Birds: Birds are symbolic of the Victorian era women present in the story, just as the cages they are placed in mirror the societal restraints placed upon these women by the creole society. As the birds scream “Go away! Go away! For God’s sake” it is understood that this restriction of sorts is not always accepted, rather a select few instead reject them, enter our main character Edna.
Sleep: Sleep is considered an escape, the idea of leaving oneself behind and entering a world of unrestrained possibilities is the only offered comfort to Edna when she is badgered by her husband upon his return from billiards. She refuses to offer anymore than the slightest participation in the discussion and hopes only to be left to herself and her dreams.
Water: Edna’s fear of water is the basis for her awakening, or rather her overcoming of this fear. Her disregard of this fear constitutes her first and most important step in newfound independence and rebirth.

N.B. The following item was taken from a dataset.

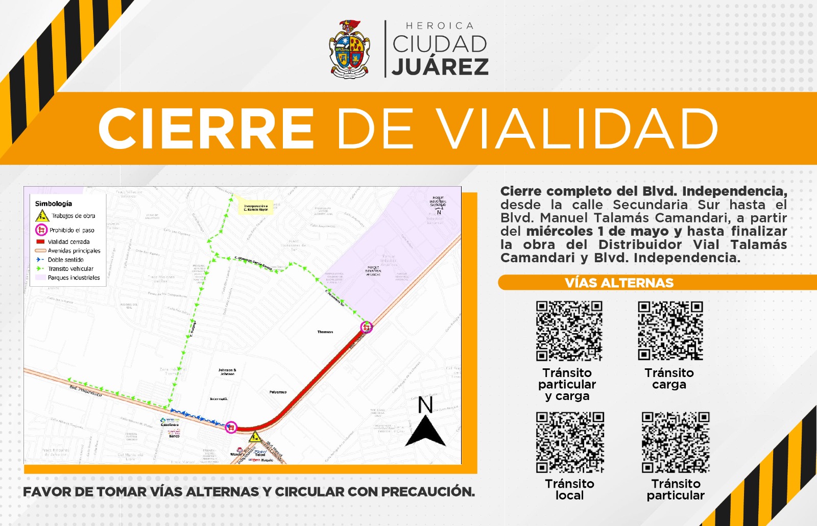 Con la finalidad de continuar con las obras del distribuidor vial Talamás-Independencia, a partir de este miércoles la Coordinación General de Seguridad Vial desviará el tráfico proveniente del bulevar Independencia hacía la calle Secundaria Sur, para continuar por la calle Francisco Bocanegra y luego la calle Durango y finalmente incorporarse a Talamás Camandari con rumbo hacia el poniente.

She fears the water will force her into a bitter isolation, a catalyst for death. Having defeated this fear she finds comfort in solitude.
Colors: Though the repeated symbolism of colors is abundant, one instance in which they are established to have a deeper value is during the party in which a piano pair of twins makes themselves present. They are expected to become the embodiment of chastity, nuns, and are dressed in formal white and blue clothing. The colors white and blue are representative of the the Virgin Mary as well as purity.
Setting: The Grand Isle is symbolic of something like a ball and chain for Edna, she feels the society amongst the island as well as those that inhabit it hinder her, they prevent her from achieving an unknown freedom that she desires. It’s obvious that she lacks the understanding when she returns with Robert and is confused as to why he takes his leave. She doesn’t realize that she can’t express her desire for him openly on the isle because it is not deemed acceptable, a concept foreign to the naive and restrained Edna but well understood by the experienced Robert.
Societal context: In creole society a man never has to fear an unfaithful wife, her chastity is engraved within the marriage, and this demanded devotion leads to the husband viewing his wife as property. Within the Isles, each married women has come to terms with this through generations of viewing it as a social norm but this practice is foreign to the Presbyterian and American Edna, leading to the main issue of the story and her rebellious acts in an attempt for self realization.
Foil: The most obvious foil amongst the main characters of The Awakening is that of Adele and Edna. Edna is a seemingly emotionally detached and un-motherlike figure whom lacks a compassion for her husband that is obvious amongst other creole wives. One of these wives being Adele, the ideal wife in fact, she is referred to repeatedly as the ideal “mother-woman” but in Edna’s eyes she is a contrasting woman whom lacks the ability to see herself as an individual.
Music and art: Adele’s piano piece caused a flickering of images within Edna’s mind, images of solitude, a naked man watching a bird fly away freely, this bird representing a woman breaking away. Reisz’s piece was different, it caused in agitation within Edna that forced a stirring of emotion bringing her to tears, Reisz commented that Edna was the only one worth playing for, this is because only Edna understood the magnitude of self expression present within the notes. After having heard Reisz music Edna began to paint with a newfound passion and burning desire for expression.
Foreshadowing: The first instance of foreshadowing is the green and yellow parrot, the symbolic animal of Edna, it’s repeated screeches and agitation with being caged are a foreshadowing to Edna soon distaste with being treated as property and her desire for freedom, but it also foreshadows a tragic ending.
Changes in Edna’s character: This one would take too long to describe in its entirety with justice. Edna undergoes a serious of changes in mentality, mostly with regard to her view of herself as a function of society, her current state being one she disagrees with. She goes through several periods of change, most of which have their own individual climax, ranging from her challenge of the sea to her day spent with Robert away from the isles.
Physical movement: (pretending this is a reference to either Edna spending her day with Robert off the isles or the significance of her husband’s repeated business trips, that of which take place elsewhere.) Once again recalling upon Edna’s feelings of confinement and restraint when on the island, she views physical journeys to be an escape, similar to that of sleep (although this would be nonphysical). If provided with an opportunity, in a few instances she is, she takes it upon herself to leave and allow for a reinvigorating period pf freedom.